May 20, 2025 Krista Torralva

Adam MacLuckie and Huyen Luong faced a “first-of-its-kind” scenario when they were selected co-chairs of the Shell US Legal Diversity Equity and Inclusion Council. 

Shell US lawyers were returning to offices after nearly two years of remote work as a result of the Covid-19 pandemic. The country was reeling from the video-recorded murder of George Floyd, an unarmed Black man, at the hands of a white Minneapolis police officer. And people were looking at DEI initiatives with increasing apprehension. 

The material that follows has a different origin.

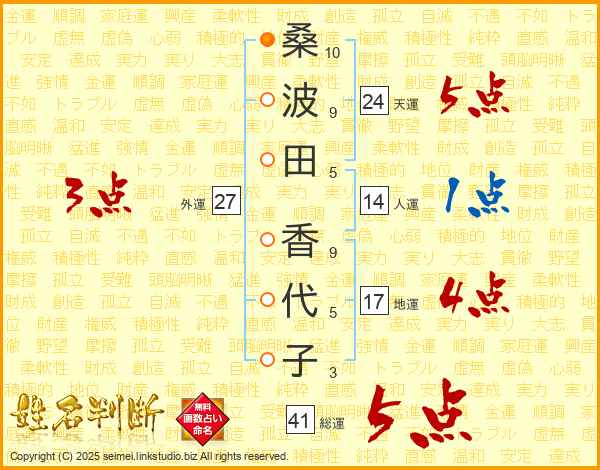 桑(10画)波(9画)田(5画) 香(9画)代(5画)子(3画)

So the duo slapped the slogan “Let’s Talk About It” on their program and met the moment head on. 

“We believed that as long as we know each other as a community, that opens doors to seeing each other as individuals and treating everyone with respect and inclusion,” Luong recently told The Texas Lawbook. 

What followed were increased participation in DEI events and meaningful two-way communication between the company and employees, according to MacLuckie, Luong and their Shell colleagues who nominated them for the 2025 Houston Corporate Counsel Award for Achievement in Diversity and Inclusion. For their two-year term co-chairing the Shell DEI council in 2022 and 2023, the judges unanimously selected MacLuckie and Luong to receive the award.  

“I’m a sucker for courageous people and organizations, and Shell is being courageous on the DE&I front when others aren’t, which makes me proud to be here,” MacLuckie said.

Behind their success as DEI leaders are two unique journeys that reveal how MacLuckie and Luong came to embrace allyship and champion inclusion. 

Huyen Luong and Adam MacLuckie with Travis Torrence (center), the U.S. Head of Legal for Shell (Photos by Sharon Ferranti)

Steering Toward Advocacy

Luong was born in Ho Chi Minh City, Vietnam — commonly known as Saigon — about five years after the Vietnam War ended. Her father struggled to find work in the post-war country and was often at odds with law enforcement. Seeing no viable future, he fled the country when Luong was just one year old. With the help of a Lutheran church group, her father wound up in a small town about 50 miles north of Philadelphia. 

Shortly after, Luong’s mother also attempted to flee with her in tow. But each escape was foiled. Authorities caught them and even once incarcerated the mother and daughter. 

For 10 years, Luong and her mother were apart from her father. Luong’s only connection with her father was through an occasional letter, some photographs and a little money from his earnings in the U.S. 

Luong and her mother had very few material things in Vietnam. At home, she had just a bed and a small shower area. The school she attended lacked a functioning bathroom. 

“There was always an implicit understanding that I wasn’t going to get what I wanted because we simply couldn’t afford it,” Luong said. 

But her life was full, she said. Surrounded by cousins, aunts and uncles, Luong was joyful and loved her childhood. 

At age 11, Luong and her mother were reunited with her father in the U.S. English was her second language and she often filled the role of translator for her parents. 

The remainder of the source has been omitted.